Task description: Restate the data below word for word. Leave the images out.

Material provided: Begin

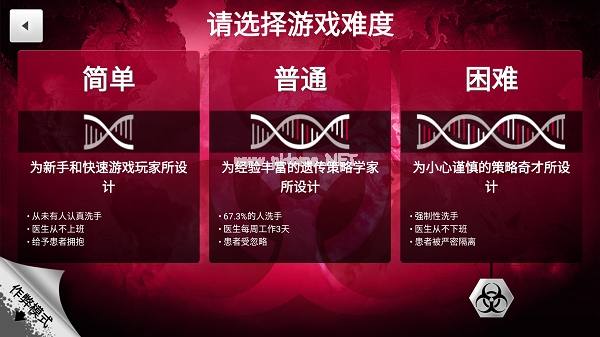 简单(Casual):适合新手与快速游戏玩家,人类普遍不注重卫生、医生不研发解药,病原体传播概率极高;解药模式中各国合作顺畅,解药研发速度快,人民主动佩戴口罩,防疫难度低。
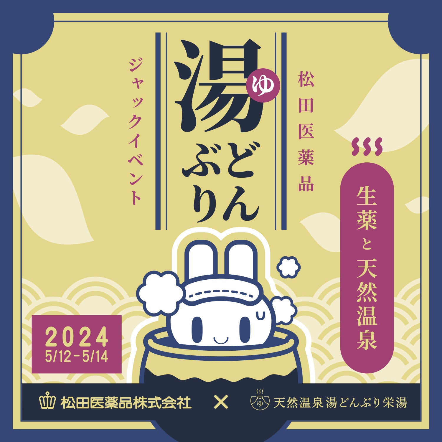 5月12日(日)から5月14日(火)の3日間限定で湯どんぶり栄湯の浴槽を全て松田医薬品の入浴剤を投入します。ご来店をいただいたお客様が更に楽しんでいただけるように様々なコンテンツもご用意しています。
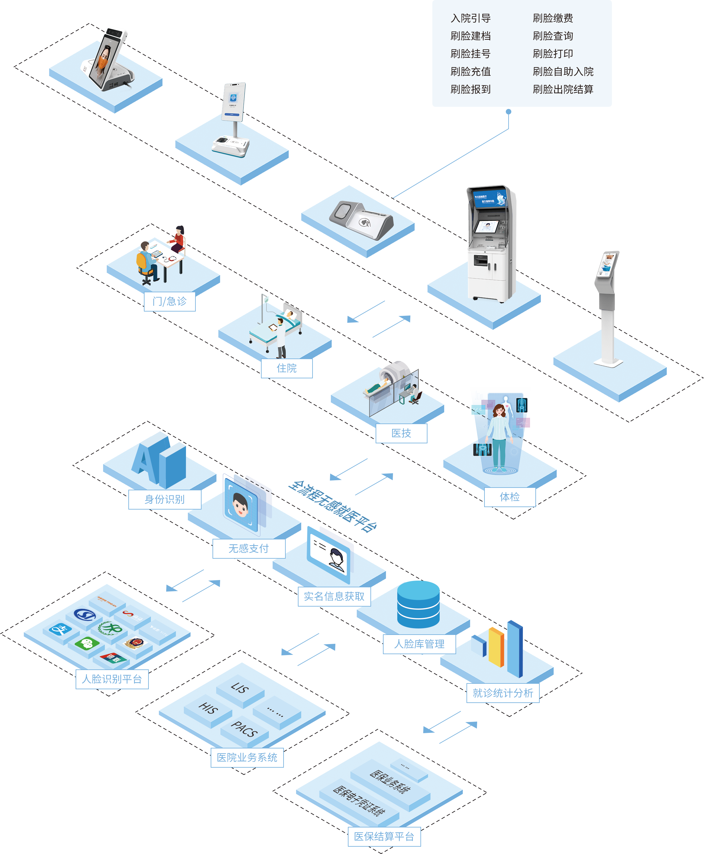 智慧門診:人臉/證卡/行業(yè)電子碼建檔、當(dāng)日/預(yù)約掛號(hào)、預(yù)約取號(hào)、預(yù)約簽到、交費(fèi)結(jié)算、報(bào)告單/發(fā)票打印、信息查詢、3D導(dǎo)航、智能導(dǎo)診

Material provided: End

Written reply:
 简单(Casual):适合新手与快速游戏玩家,人类普遍不注重卫生、医生不研发解药,病原体传播概率极高;解药模式中各国合作顺畅,解药研发速度快,人民主动佩戴口罩,防疫难度低。
 5月12日(日)から5月14日(火)の3日間限定で湯どんぶり栄湯の浴槽を全て松田医薬品の入浴剤を投入します。ご来店をいただいたお客様が更に楽しんでいただけるように様々なコンテンツもご用意しています。
 智慧門診:人臉/證卡/行業(yè)電子碼建檔、當(dāng)日/預(yù)約掛號(hào)、預(yù)約取號(hào)、預(yù)約簽到、交費(fèi)結(jié)算、報(bào)告單/發(fā)票打印、信息查詢、3D導(dǎo)航、智能導(dǎo)診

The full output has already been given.